# My stallion & I :)



## Poco1220 (Apr 6, 2010)

New photos of my stallion and I from yesterday (courtesy of the husband). Please try to look beyond my *huge* belly, I'm just over 32 weeks pregnant lol!























































That last one is my favorite! (or the next one you'll see below)


----------



## Poco1220 (Apr 6, 2010)

He had WAY too much fun in the leaf pile. He'd try to eat them, then lay back and roll around like crazy lol.


----------



## gigem88 (May 10, 2011)

Nice photos and congrats on your baby. Hope you have an easy delivery!


----------



## KissTheRing (Aug 2, 2011)

I love them!


----------



## beauforever23 (May 6, 2010)

I love seeing pictures of Poco. You two look like you have a great bond! Congratulations on the baby, I hope you have an easy delivery


----------



## cakemom (Jul 4, 2010)

Thats awesome!!! Continuing to ride through your pregnancy should keep some good muscle development that will allow delivery to be easier.
_Posted via Mobile Device_


----------



## Poco1220 (Apr 6, 2010)

Thanks guys! I've owned him for over 3 years now and been riding him for nearly 6 so we definitely have the bond. He's my heart horse and I can't imagine having anything better! He's my big baby and in all honesty acts more like a puppy dog than a horse more days.

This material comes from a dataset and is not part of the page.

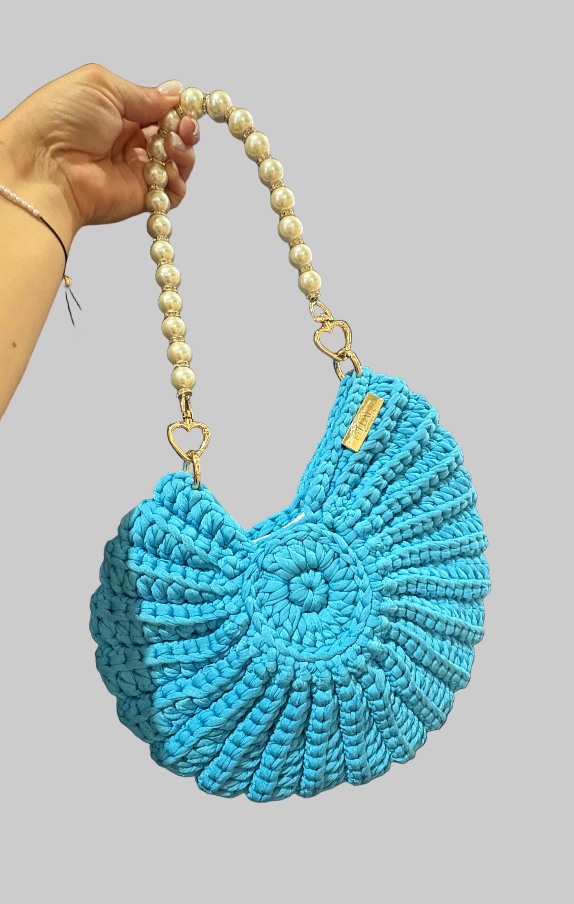 Bolso tejido a mano en tono turquesa con diseño circular tipo concha, ideal para un look veraniego y elegante. Su asa de perlas con detalles dorados y corazones añade un toque chic y sofisticado.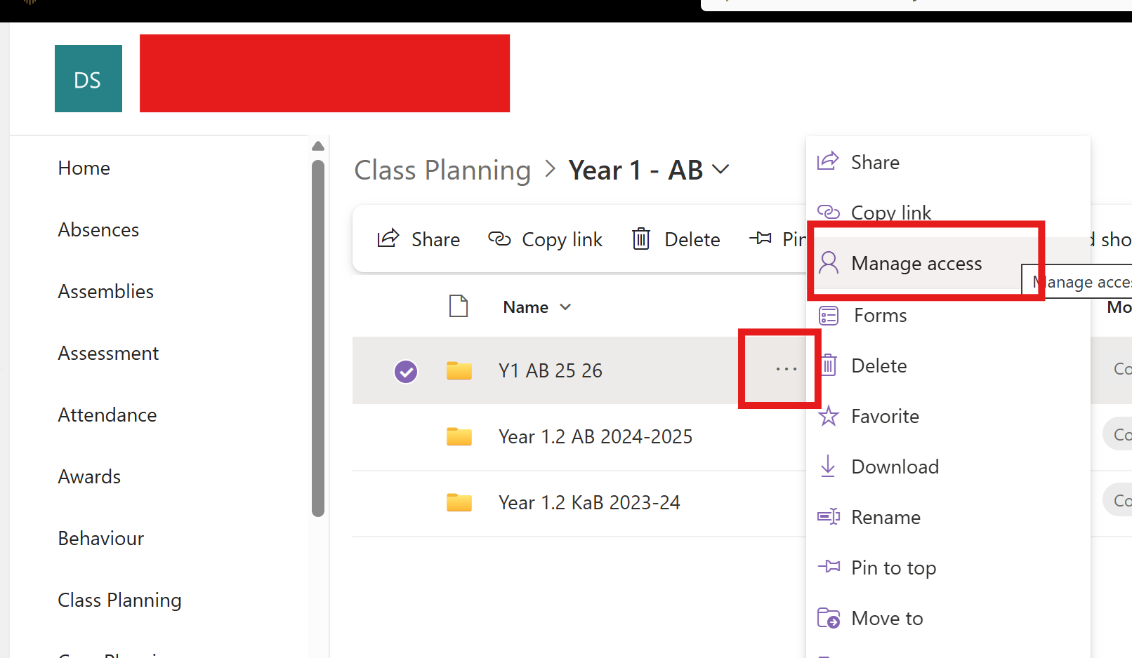 3) Navigate to the folder you wish to restrict access to. The below example would allow all members to access Class Planning -> Year 1 - AB but we are editing the permissions into Y1 AB 25 26

Cakemom- this is my second child and with my first I continued riding Poco up until my due date. I have the pictures around here somewhere. My son was born 3 days late but the pregnancy never stopped me from riding. My doctor finally okayed it this last week after fighting me the entire time since she realized that a) I was being super careful and b) that I was going to continue regardless of what she said! lol.


----------



## LittleZeasel (Oct 22, 2011)

Congratulations on all three things: Kid, wonderful horse and baby  
He is a super gorgeous horse and looks so wonderfully gentle  thanks for sharing the pics 
And congrats to the hubby taking them 
_Posted via Mobile Device_


----------



## Endiku (Dec 6, 2010)

what a beautiful, sweet looking boy!


----------



## Hoofprints in the Sand (Nov 23, 2008)

So cute!!!  I LOVE the leaf pile photo! and now you can tell your new baby that he or she was riding before she/he was even born! 
_Posted via Mobile Device_


----------



## Red Gate Farm (Aug 28, 2011)

Poco is a beautiful stallion! 

Are you going to start the baby book with some of those pictures?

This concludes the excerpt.